Les 12 et 19 juin, les Français voteront pour élire leur député. Pourtant, les 577 sièges à l’Assemblée nationale seront attribués avec une représentativité très disparate du point de vue de la population. Les règles en vigueur autorisent en effet une certaine tolérance vis‐à‐vis du principe d’égalité devant le suffrage. De quoi susciter des « perdants » et des « gagnants » parmi les électeurs. Mais qui sont‐ils ? Et est‐ce si grave ?

Des inégalités conformes à la Constitution

La carte électorale actuelle est le fruit de 12 découpages successifs depuis la Révolution. Elle a été redéfinie pour la dernière fois en 2010, lorsqu’il a fallu accorder 11 sièges de députés aux Français de l’étranger tout en laissant inchangé le nombre total d’élus à 577. À l’époque, le Conseil constitutionnel avait préconisé de revoir la carte électorale sur une base principalement démographique, reprenant ainsi l’article 21 de la constitution de 1793 définissant « la population [comme] seule base de la représentation nationale ». D’autres critères comme le respect des frontières départementales et, dans la mesure du possible, les frontières cantonales, faisaient aussi partie de l’équation.

« On est bien loin du principe d’égalité devant le suffrage de « un homme, une voix » qui supposerait que chaque circonscription ait un nombre d’habitants équivalent. »

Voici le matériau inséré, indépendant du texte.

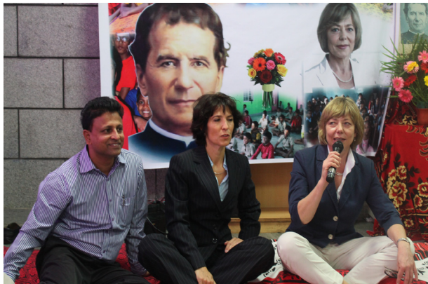
The First Lady of the Federal Republic of Germany, Ms Daniela Schadt, visited BREADS Project at Bangalore on 8 February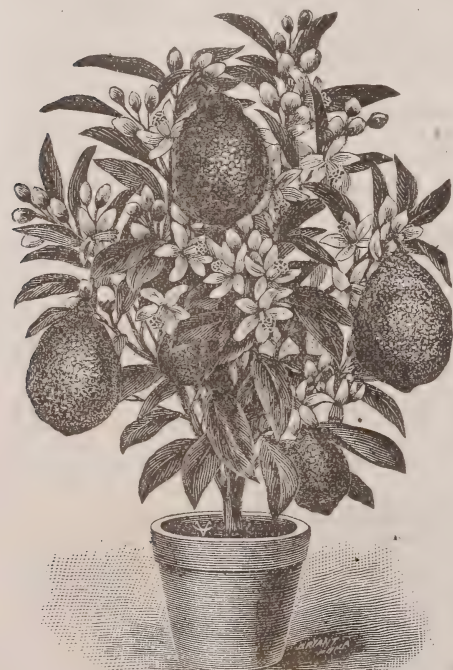
Ponderosa—Wonderful New Lemon.

Résultat : quelque 306 circonscriptions ont été modifiées tandis que 33 étaient créées ou supprimées. Mais entre la 2e circonscription du Cantal qui compte 62 753 habitants et la 5e de Loire‐Atlantique qui en compte 167 177, l’écart interroge. Sachant que la moyenne des circonscriptions métropolitaines se situe à 121 000. « On est bien loin du principe d’égalité devant le suffrage de « un homme, une voix » qui supposerait que chaque circonscription ait un nombre d’habitants équivalent », commente Thomas Ehrhard, professeur de science politique à l’université Paris‐Assas et auteur d’une thèse sur le découpage des circonscriptions.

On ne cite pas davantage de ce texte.